September natural gas advanced Thursday following the release of government inventory data showing a significantly smaller increase than what the market was expecting. The Energy Information Administration (EIA) reported a build of just 25 Bcf, about 11 Bcf less than industry estimates. September futures rose 10.5 cents to $4.108 and October gained 10.3 cents to $4.127. September crude oil jumped $2.83 to $85.72/bbl.

Prices reacted immediately to the report by trading as high as $4.143 moments after the figures were released; 35 minutes after the announcement September was at $4.089, up 9.5 cents from the previous close.

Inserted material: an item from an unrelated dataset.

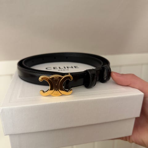 Celine Triomphe belte for dame i svart skinn. Beltet har gullfarget Triomphe-spenne i metall. Leveres med original eske og dustbag som vist på bildene. Passer til bruk i bukser, skjørt eller kjoler der man ønsker et klassisk skinnbelte med dekorativ spenne.
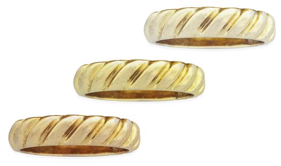 Comprising three individual reeded bands, in yellow, white and rose 18ct gold, ring size K-L.

Traders see a sense of market equilibrium. “I’d like to think that natural gas under $4 was not comfortable and has popped higher because of heavy-duty electricity usage in the South. So it makes sense that with this historical heat, prices would not fall off a cliff,” said a California risk manager.

In spite of the stout rise, those with exposure to rising prices took little action. “My [end-user] accounts have not hedged for the winter. In fact, they bought some protective puts [Thursday] because they didn’t want any other hedge vehicles that they had previously purchased getting lower than current prices. We bought some December $4.40 put options with the idea that if it is a warm winter, then they wouldn’t have to worry about lower prices. They bought put options to protect against earlier call options declining. They are layering in a fence and neutralizing a hedge. No one is getting extra long,” he said.

“September natural gas is going to need the tropics [i.e., hurricanes] to help it out. You can’t really get too short here. Where are we going? $3? Not unless the economy is going to get worse.”

That help might be coming sooner than later. “It is possible that we will plow through at least three named systems by Aug. 25: Franklin, Gert and Harvey,” said senior meteorologist Alex Sosnowski on Wednesday (see related story).

“Some of our forecast tools suggest at least two tropical waves (Cape Verde systems) will have moderate development. The first disturbance may affect the Leeward Islands this weekend with drenching downpours and squalls. The second system may visit the same area during the second half of next week with similar conditions. Both of these systems, if they do develop, could come close to Bermuda waters several days after affecting the Lesser Antilles,” Sosnowski said.

Traders were looking for about an average increase in storage gas, according to pre-report surveys. The EIA injection figures were expected to show a build in line with the five-year average of 37 Bcf and last year’s 36 Bcf. Market bears fondly noted that following the release of the data for the last four weeks the market has trended lower. Last Thursday, for example, the September contract fell 14.9 cents to settle at $3.941 following a storage report showing an above-expectation 44 Bcf injection, but Thursday’s gains sent the bears scurrying for cover.

For the week ended Aug. 5, Kyle Cooper of IAF Advisors in Houston expected a 33 Bcf increase, and a Reuters survey of 25 analysts revealed an average 37 Bcf with a sample range of 31-48 Bcf. Industry consultant Bentek Energy, utilizing its statistically enhanced North American flow model, predicted a build of 36 Bcf.

Forecasting, however, can be a ruthless endeavor. “At the end of last week I was predicting a 25 Bcf injection for this week [week ended Aug. 5], but I moved my number up to 33 Bcf and now I am kicking myself,” said Cooper.